EXERCISE INSTRUCTIONS
Without including any picture, transcribe the entries below word for word.

SOURCE MATERIAL
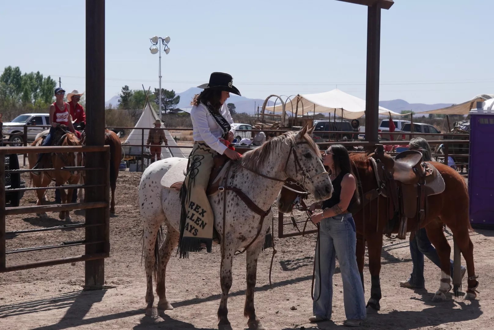 Rodeo princess Adelaide Werkheiser prepares to ride into the ring at the Willcox West Fest Ranch Rodeo & Chuck Wagon Cook-Off in Willcox.
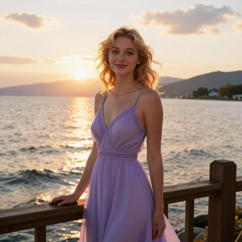 Young Woman by Lake at Sunset
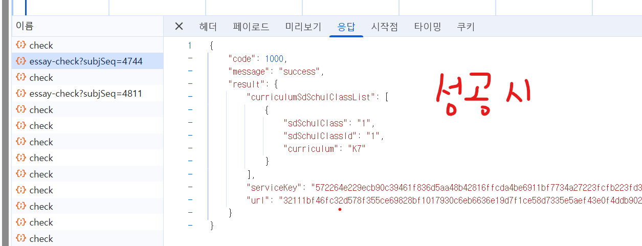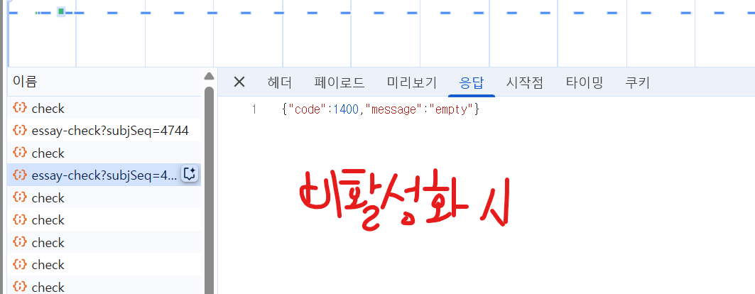 아래 두가지 케이스가 되는 분류체계 선택시를 비교했을 때 네트워크탭입니다. 1. AI 논술진단 버튼 활성화 2. AI 논술진단 버튼 비활성화 ECP쪽에서는 두가지 케이스에서의 별도 API 에러 RESPONSE를 확인하지 못했습니다. |
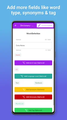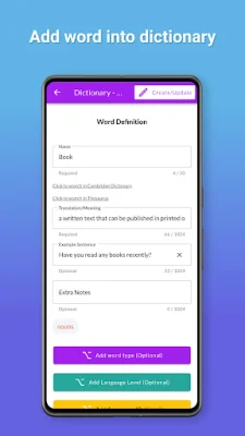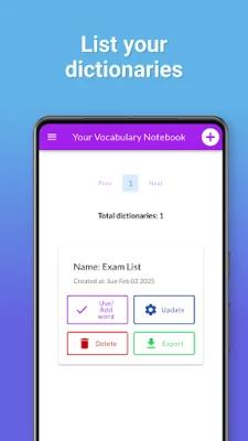 To get started, simply create a dictionary by giving it a name. From there, you can add words as you come across them. If you need some inspiration, you can browse through the app's predefined word lists and easily add them to your dictionary. For a more interactive learning experience, you can create quizzes and word games to test your knowledge. This not only helps with retention but also makes learning more enjoyable.
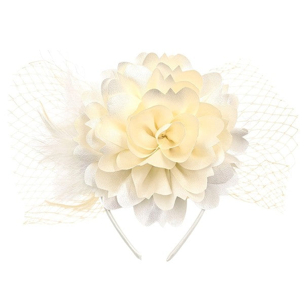 Side Mesh Flower Feather Gatsby Fascinator
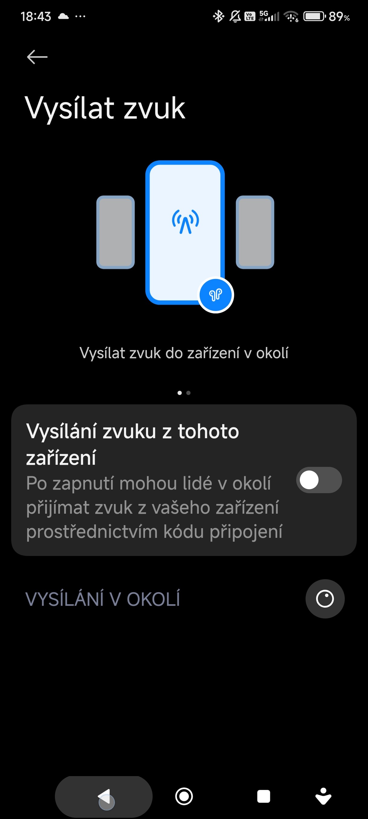 Nastavení -> Bluetooth -> Další nastavení -> Vysílat zvuk.

TASK ANSWER
 Rodeo princess Adelaide Werkheiser prepares to ride into the ring at the Willcox West Fest Ranch Rodeo & Chuck Wagon Cook-Off in Willcox.
 Young Woman by Lake at Sunset
 아래 두가지 케이스가 되는 분류체계 선택시를 비교했을 때 네트워크탭입니다. 1. AI 논술진단 버튼 활성화 2. AI 논술진단 버튼 비활성화 ECP쪽에서는 두가지 케이스에서의 별도 API 에러 RESPONSE를 확인하지 못했습니다. |
 To get started, simply create a dictionary by giving it a name. From there, you can add words as you come across them. If you need some inspiration, you can browse through the app's predefined word lists and easily add them to your dictionary. For a more interactive learning experience, you can create quizzes and word games to test your knowledge. This not only helps with retention but also makes learning more enjoyable.
 Side Mesh Flower Feather Gatsby Fascinator
 Nastavení -> Bluetooth -> Další nastavení -> Vysílat zvuk.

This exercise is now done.